About antibiotic resistance

Infections become drug-resistant when the bacteria that cause them adapt and change over time, developing the ability to resist the drugs designed to kill them. The result is that many drugs – like antibiotics – are becoming less effective at treating illnesses. Our overuse of antibiotics in both humans and animals is speeding up this process.

Antibiotics do not work as well as they used to

Antibiotics have transformed our ability to treat bacterial infections allowing us to live healthier, longer lives. But antibiotic overuse makes bacteria evolve so they can survive the effects of antibiotics. This is known as ‘antibiotic resistance’.

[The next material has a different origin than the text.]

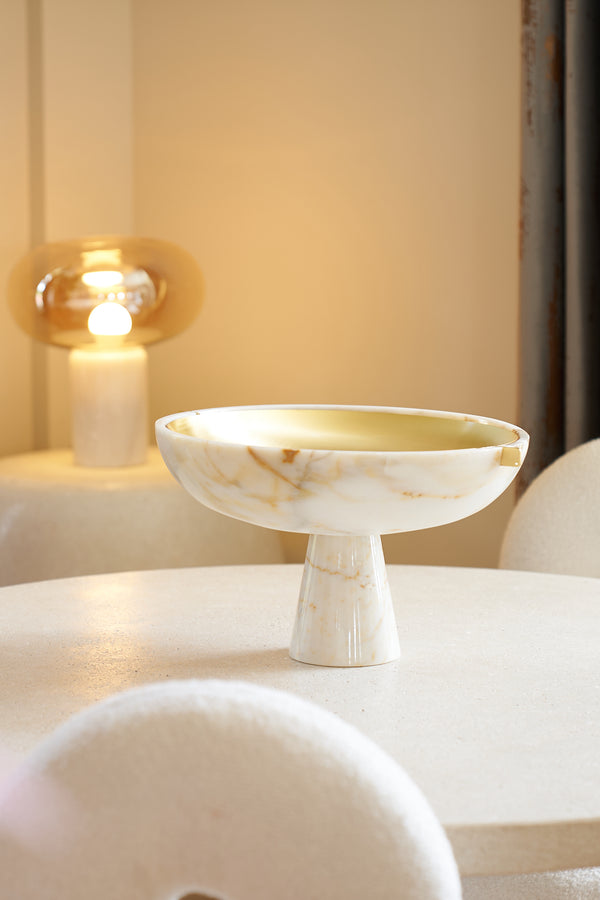 The elegant bowl combines modern and classic styles with the natural texture of marble and the finely crafted design of golden details, creating an aesthetic focal point in any space. The unique texture of marble, combined with the brilliance of gold accents, creates a captivating atmosphere.

By 2050, 10 million people per year could die as a result of bacterial infections that cannot be treated with antibiotics. If we do nothing now we could face a future where the antibiotics that we take for granted today no longer work. It will become harder to treat common infections, and procedures that rely on antibiotics, like chemotherapy or even hip-replacements will become risky.

The year 2050 seems a long way off, but drug-resistant infections are affecting people now. It’s been estimated, for instance, that antibiotic resistance affected around 53 000 people in the UK in 2015, of which more than 2000 died.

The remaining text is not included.